5. I am incapable of being an impartial judge of myself since I both want to live and yet cannot live by the truth since I myself am condemned by it.

What then is the foundation of the law?

In the foyer of the Colorado Supreme Court there is an inscription by Martin Luther King, Jr that reads “Injustice anywhere is a threat to justice everywhere.” That is certainly true but it seems to me that justice anywhere is a threat to injustice everywhere is also true. The two cannot exist together. 

How then can unjust and imperfect men establish justice? How are men supposed to willingly live under the law knowing it condemns them? If the motivation to live by the law is life, how could someone want to live by the law if the law condemns them? What motivation or desire would cause me to want to turn myself in when I could try to run away instead? And if no desire or motivation exists, then what is the basis of the law? Who could possibly establish it and uphold it? 

Indeed I see in this predicament a desire for me to delay and to use the tools of deception to escape punishment, knowing that I  will die by the tools themselves or be caught by the truth. For in my original example, Cain established a Law of Might because he offered a displeasing sacrifice. Instead of accepting this judgement, Cain murdered his brother. How then can the Law of Cain prevent him from being murdered too? By establishing this Law of Might, Cain is in a constant arms race with the whole world, a helpless victim at the hands of anyone stronger than him. Since his God is the mightiest, the Law of Might has sentenced Cain to death. He will surely die in his early weakness, being overtaken by someone or something stronger, whether it be another man, a beast, or a disease. This is the first death. He will also surely die at the hands of the Heavenly Judge. This is the second death. This is why men are so afraid of death or those things that resemble death like hunger, disease, or violence. Men are reminded of their present judgment under the Law of Cain and their future judgment under the Law of God. 

Is there any hope for Cain or me under this law? 

The answer is no. For I have made myself an enemy of the mightiest Being in the universe. Indeed I have cut myself off from my Cause and condemned myself to a life of paralysis, falsehood, darkness, and torture. I have done this willingly by choosing to reject truth. This is the end of my inquiry and the complete analysis of my life. I do not deserve the law nor can I establish its foundations without being destroyed by it.
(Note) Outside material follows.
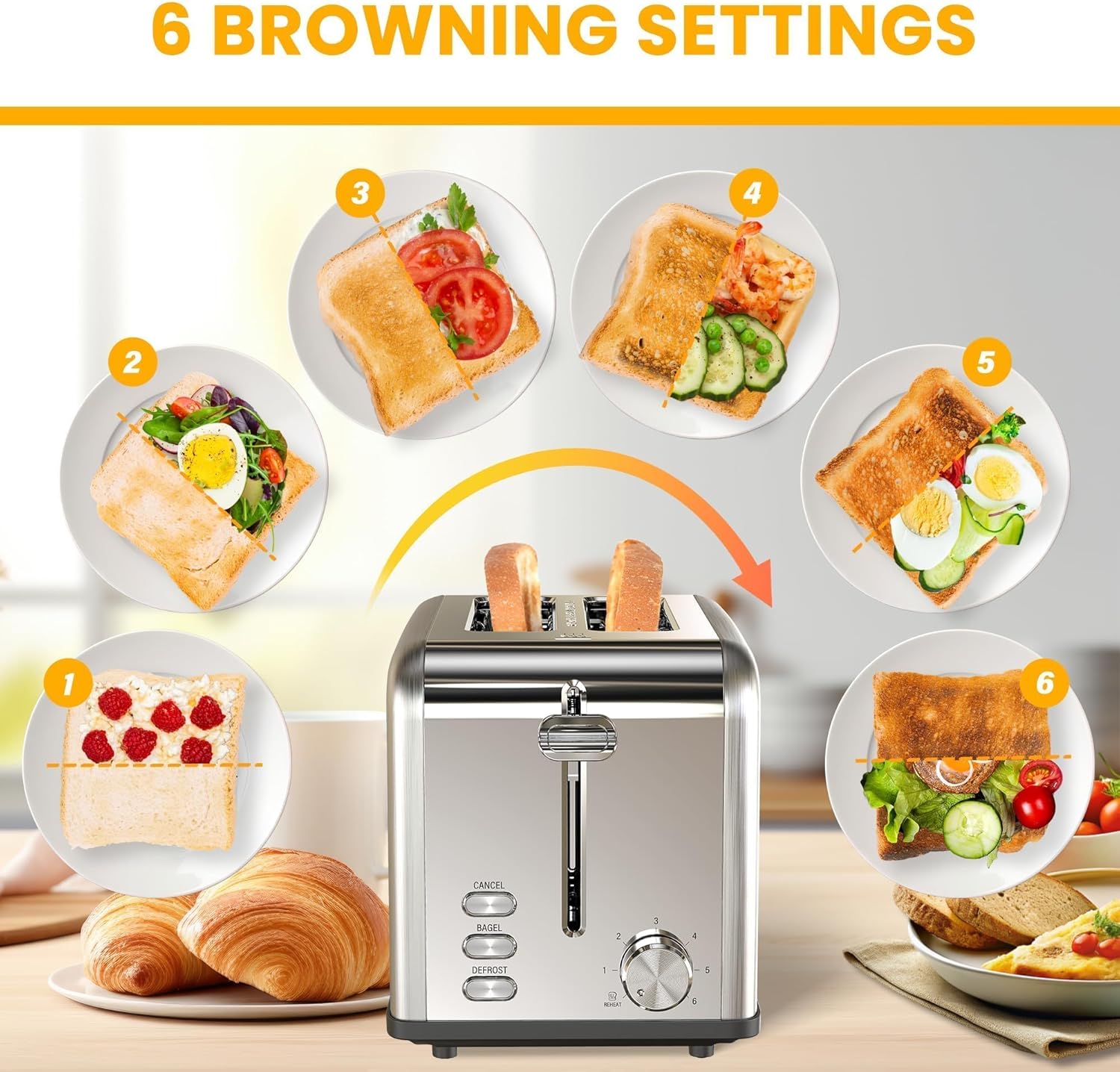 Upgraded design: Our toaster has upgraded the basic functions and has 6 shade settings, so you can take control of your toasting level and enjoy your toast exactly how you like it

I am a hopeless criminal awaiting execution unless somehow I am forgiven, the punishments for my crimes are removed from me, and the injury of my victims have been made whole. Only then can I have hope, if only somehow God’s law could be established without me being condemned by it. 

Question 6: Is there any hope for me?

I ask this question because I have yet to die. I still have my mind and have experienced life in a way that is incomprehensible to me. If I am a sinner, a rebel to the law, deserving of death, then how is it that I am still alive? How is it that I can feel love and know things about this world? For this there is only one answer. There must be mercy for me. Somewhere in the court of heaven there must be the desire to forgive and indeed that forgiveness must have already been secured for me. If this were not the case, how come I was not struck down the moment of my first violation of the law? Is God not everywhere that he could not see me? Is he not all powerful that He could not easily throw me into prison? Surely He is all these things which means He must also be merciful and forgiving. 

What then of my victims? I can believe that all have sinned and all are deserving of death. The only innocent victim of my story is God himself. It is God himself who must be damned in order for me to be free. God himself must bear my punishment if I am to be redeemed back into the kingdom of God under the Law of God. Indeed this is the promise of God and the only logical resolution to my life. Whether you have heard the story of Jesus Christ or not, you may logically come to this conclusion yourself and believe in the forgiveness of sins. 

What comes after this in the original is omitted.